Sunny Negless (00:28:49):
Oh my gosh. It’s so incredible, it’s so all encompassing. It touches every single piece of our business, piece of our product and it’s just under the radar. Your team of three is making all of this possible, all this happen. So I want to go back to that question before which was there are now three members of the data scientists team at Levels. Do you have specialties, do you have different foci or are you all kind of collectively working on the same project? I’m sure it’s a little bit of both, but what does everyone do?
Helena Belloff (00:29:23):
Yeah, so I think Toru actually came from a more machine learning background. I remember actually her teach us something, it was great. I was asking her all of these machine learning questions and she was just on it and my sort of background originated in also the machine learning, natural language processing space. I’m also coming from straight out of research. My most recent role was very heavy on computational genomics and I did a lot of Alzheimer’s research which has a direct link with diabetes. That’s how I ended up here. And I think Jason has more experience in the data strategy and the scaling of the data teams and he’s more heavily involved in defining our OKRs because now we have a little team, we have a pod going on.
Sunny Negless (00:30:36):
It’s not just Helena running data science at Levels, it’s now a team of three.

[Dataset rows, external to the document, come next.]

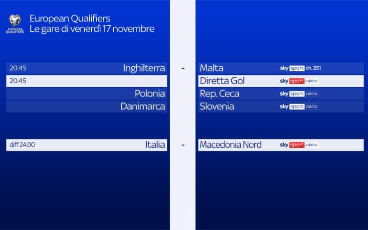 - ore 20.45: Macedonia del Nord-Inghilterra. Sky Sport Uno e in streaming su NOW. Telecronaca Federico Zancan. Diretta gol Paolo Ciarravano
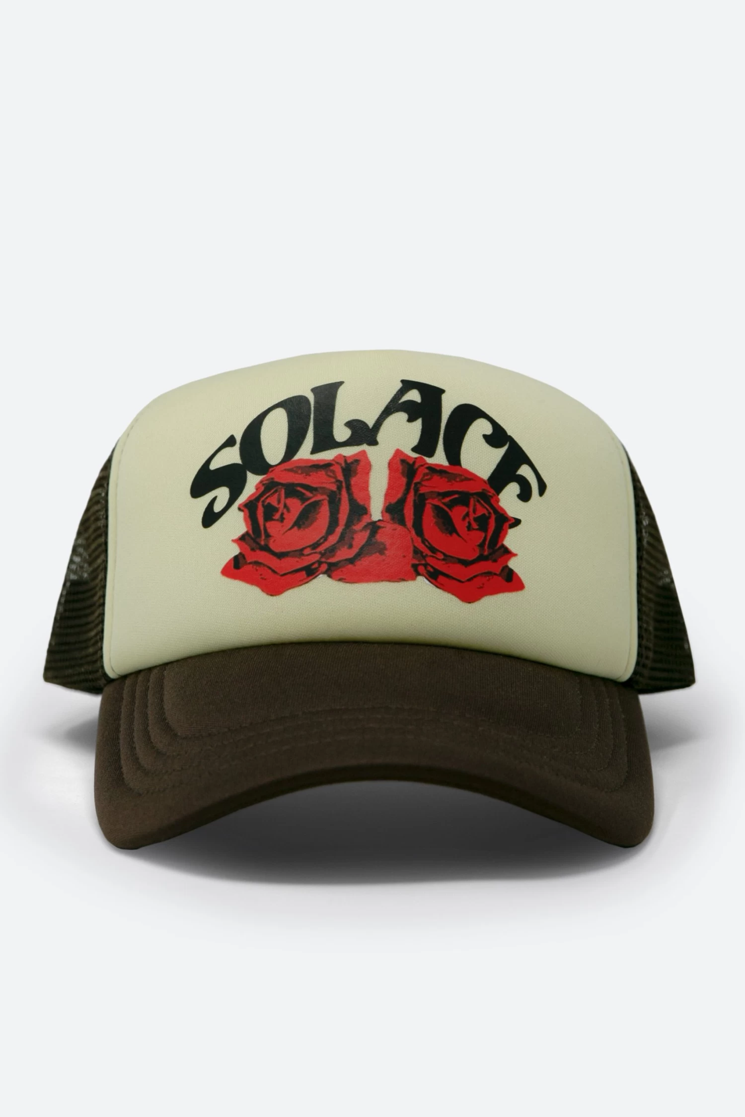 the Solace Trucker Cap is constructed from a contrasting neoprene front panel, tonal neoprene brim, mesh back, and finished with a multi colored screen print at the front.
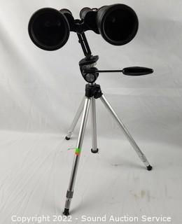 Lot Details: Approx. 16" to 36" tall tripod. 20x60 Binoculars. Comes with mount for tripod, owners manual & case.
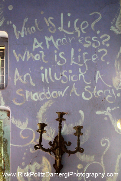 The hotel is a fading majestic butterfly and her old dalmation with his dull greying coat and wracked with arthritis once sleek, proud and beautiful is a living metaphor for the bizarre retreat in Kandy’s hills. Yes, there are cobwebs, and yes it is over-priced and yes the decor is decaying but the essence of Helgas Folly. Referred to by Helga as ‘’she’’ and ‘’her’’ still very much remains, and that for me is why it was worth every penny. The building itself is a labyrinth of different emotions from inside the owners mind. Helga explained when she was going through her first divorce she went ‘’slightly mad’’ and began painting in a crazed frenzy as therapy, the result is an eccentric Alice in Wonderland on LSD effect.
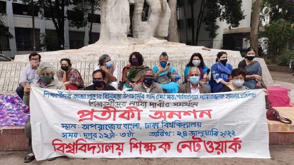 প্রতীকী এই অনশনে অংশ নিয়েছেন জাহাঙ্গীরনগর বিশ্ববিদ্যালয়ের অর্থনীতি বিভাগের অধ্যাপক আনু মোহাম্মদ, নৃবিজ্ঞান বিভাগের সাবেক অধ্যাপক রেহনুমা আহমেদ, ঢাকা বিশ্ববিদ্যালয়ের অর্থনীতি বিভাগের সহকারী অধ্যাপক ড. রুশাদ ফরিদী, পদার্থ বিজ্ঞান বিভাগের সহকারী অধ্যাপক ড. মো. কামরুজ্জামান, অ্যাকাউন্টিং অ্যান্ড ইনফরমেশন সিস্টেমস বিভাগের সহযোগী অধ্যাপক মোশাহিদা সুলতানা ঋতু, আন্তর্জাতিক সম্পর্ক বিভাগের অধ্যাপক তানজিম উদ্দিন খান, সমাজবিজ্ঞান বিভাগের সহযোগী অধ্যাপক সামিনা লুৎফা, গণযোগাযোগ ও সাংবাদিকতা বিভাগের সহযোগী অধ্যাপক কাজলি শেহরীন ইসলাম, ইংরেজি বিভাগের সহযোগী অধ্যাপক তাসনীম সিরাজ মাহবুব, জাহাঙ্গীরনগর বিশ্ববিদ্যালয়ের নৃবিজ্ঞান বিভাগের অধ্যাপক সাইদ ফেরদৌস এবং অধ্যাপক মীর্জা তসলিমাসহ আরও অনেকে।
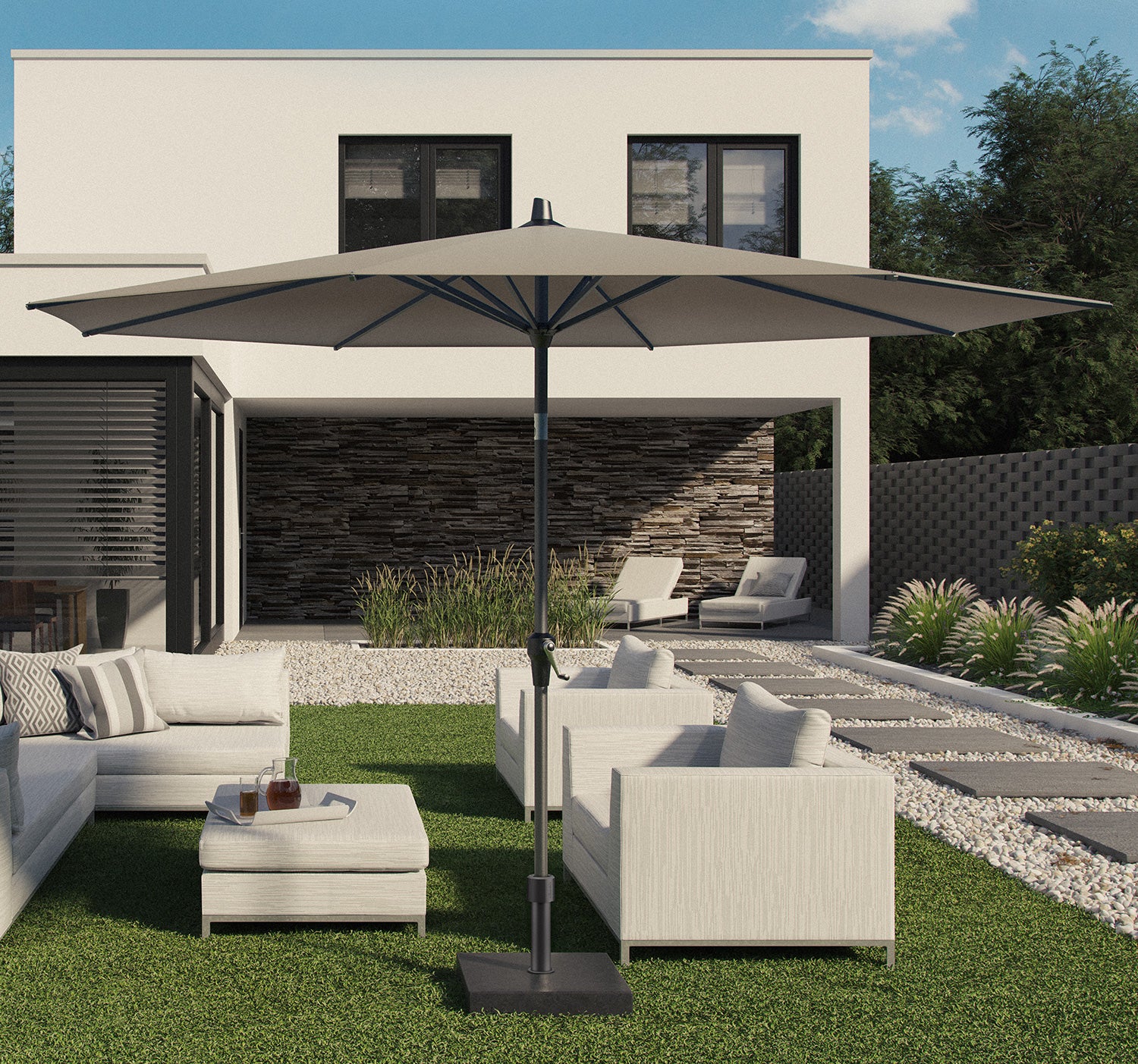 Riva är ett parasoll som kombinerar användarvänlighet, hållbar konstruktion och modern formgivning – ett perfekt val för en bekväm och stilfull utemiljö.
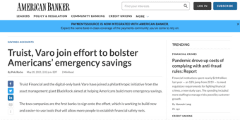 Truist, Varo join effort to bolster Americans’ emergency savings
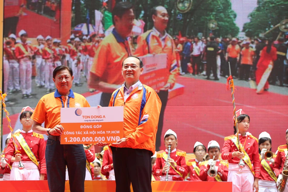 Ngoài việc góp phần xã hội hóa thể thao, phó tổng giám đốc Công ty CP Tôn Đông Á, ông Hồ Song Ngọc còn đại diện cuộc đua trao tặng 1,2 tỉ đồng cho phong trào công tác xã hội của TP.HCM. Suốt hành trình 20 chặng đua, nhà tài trợ cũng trao tặng hơn 1 tỉ đồng, giúp hàng trăm học sinh nghèo hiếu học nối dài cơ hội đến trường.
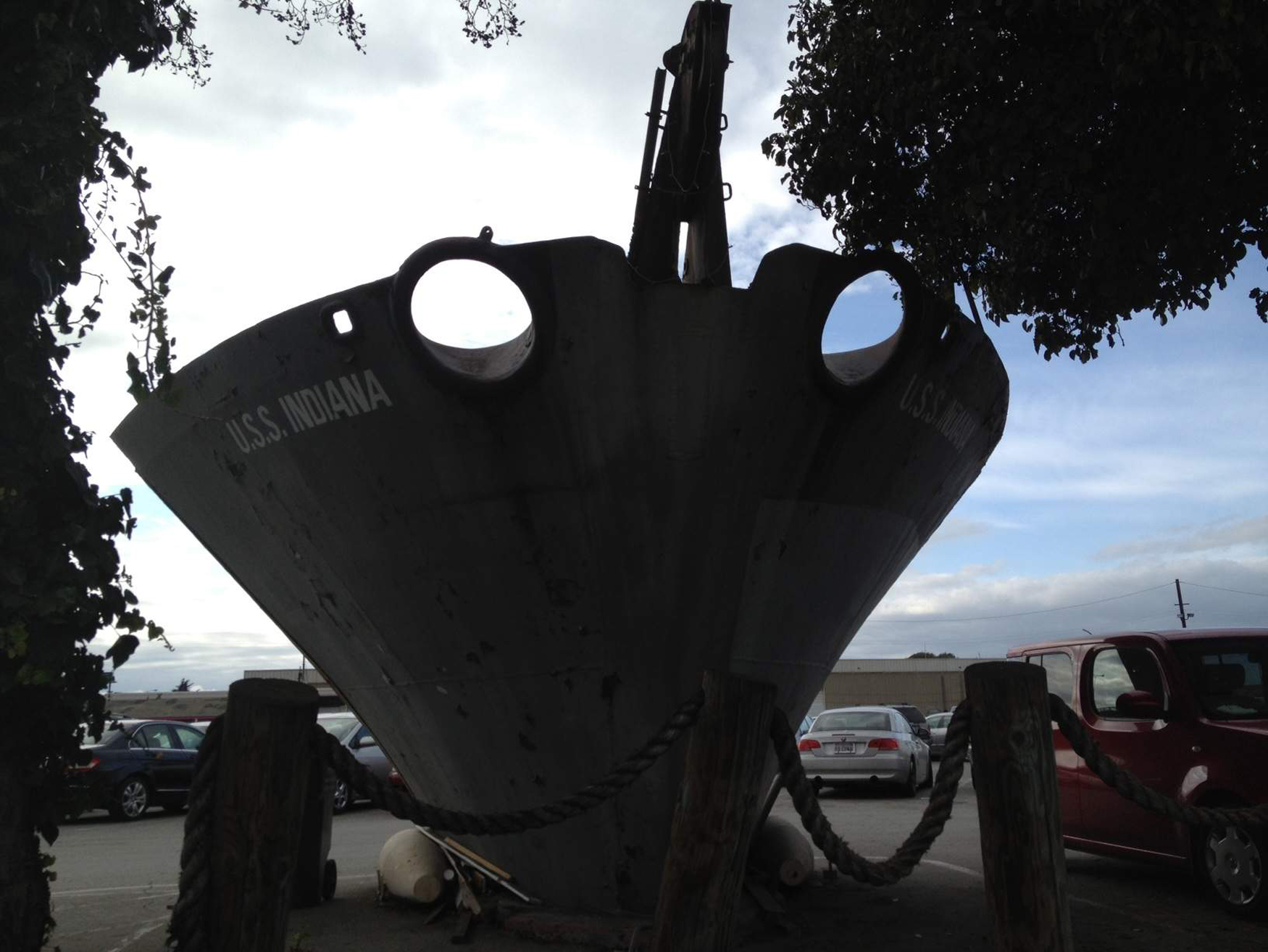787k | Bow of the Indiana (BB-58) in a parking lot in Berkeley California, December 2011. | Photo courtesy of Jeremy Dennis. | |

Helena Belloff (00:30:40):
It is not just me solving all these complex puzzles by myself and we’re still kind of figuring it out. There’s so much to do. So Toru for example, has been hopping on the data warehouse stuff recently because there’s so much to do with that.
Sunny Negless (00:31:02):
And when you say data warehouse, just for folks who are less familiar, what does that mean?
Helena Belloff (00:31:06):
Yeah, so our data warehouse, we use Snowflake. Essentially what we do is, so we have a Postgres database and that is where all of our data from the app gets stored. It gets stored in all these tables that our engineers built. And so what we used to do was I would query directly from Postgres alongside the engineers and there’s a lot of stuff in there it’s not really set up for data science or data analysis for engineering. And there wasn’t super, super clear documentation all the time because we have a very large code base and we have all these tables. Essentially what we do now is we take a copy of that Postgres database and we kick it up to AWS and we kick it back down into our warehouse and then we delete it out of AWS because we don’t want to just leave data in AWS.
Sunny Negless (00:32:09):
What is AWS? It sounds like it’s kind of intermediary storage.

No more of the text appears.